Postoperative morbidity was defined as a complication occurring during the hospital stay or within 30 days after surgery. Patients were assigned to 2 groups according to CD classification: minor complication group including CD grades I to II and major complication group including CD grades III to IV.

Statistical analysis

Data were analyzed using IBM SPSS Statistics ver. 23.0 (IBM Corp., Armonk, NY, USA). Clinicopathologic features of the 2 groups were analyzed using chi-square test or t-test. Continuous variables were recorded as the median and minimum to maximum ranges. Variables with P-value < 0.05 were considered statistically significant in univariate analysis. Using the variables identified as statistically significant by univariate analysis, multivariate analysis was carried out using the logistic regression model and Cox regression method. Disease-free survival rates were estimated using the Kaplan-Meier method, and differences between curves were compared using the log-rank test.

RESULTS

A total of 1,149 patients with stage I–III colorectal cancer underwent curative radical surgery in 2010. Of these patients, 334 patients (29.1%) had postoperative complications; 24 patients (2.1%) who experienced complications unrelated to surgery were excluded.
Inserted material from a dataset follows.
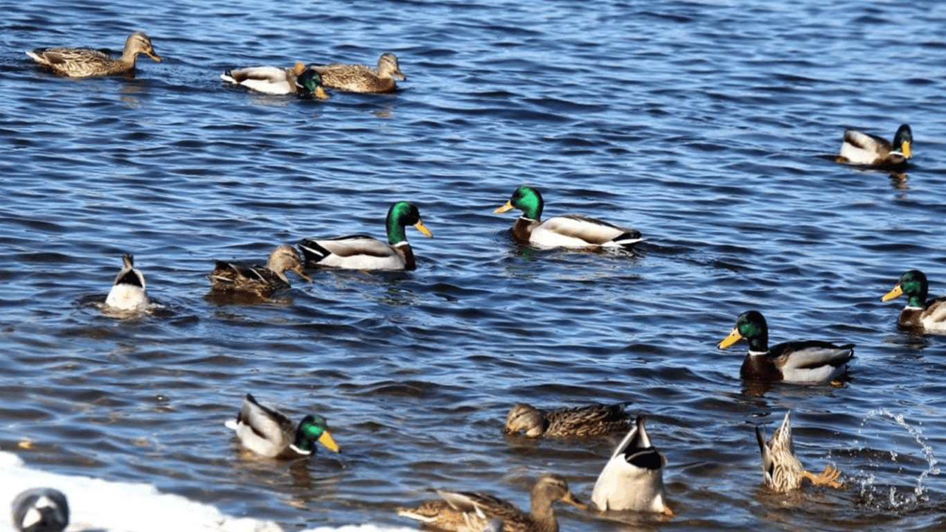Подивіться уважно на фотографію, на якій можна помітити багато різних качок. Всі вони плавають у водоймі та насолоджуються теплом, а біля них на суші можна побачити у голубів. Мабуть, дивлячись на цей знімок у вас виникне відчуття, що ви також хочете поплавати просто зараз.

The remaining 310 patients (27.0%) were categorized into 1 of 5 grades according to CD classification: (1) 52 patients (4.5%) were CD grade I; (2) 142 patients (12.4%) were CD grade II; (3) 78 patients (6.8%) were CD grade IIIa; 35 patients (3.0%) were CD grade IIIb; and (4) 3 patients (0.3%) were CD grade IVa. Severe complications such as CD grade IVb and mortality were absent. The type and frequency of complications are shown in Table 1. The most common type of complication related to surgery was wound complication (31.6%); postoperative ileus (19.7%) was the second most common complication. Anastomosis leakage occurred in 11.9% of cases and was the second most common complication (20.7%) in the major complication group. Most complications unrelated to surgery were in the minor complication group (91.7%).

Table 1.

Type and frequency of complication

Patients were divided into 2 subgroups, a minor complication group (CD grade I/II) and a major complication group (CD grade III/IV) containing 194 and 116 patients, respectively. Comparisons of clinicopathologic features of patients according to complication groups (CD grade I/II vs. III/IV) are shown in Table 2. Preoperative obstruction, operative method, length of hospital stay, pathologic N category, and tumor size differed significantly between the 2 groups.

Table 2.

Clinicopathologic features of surgery-related complications cohort (n=310)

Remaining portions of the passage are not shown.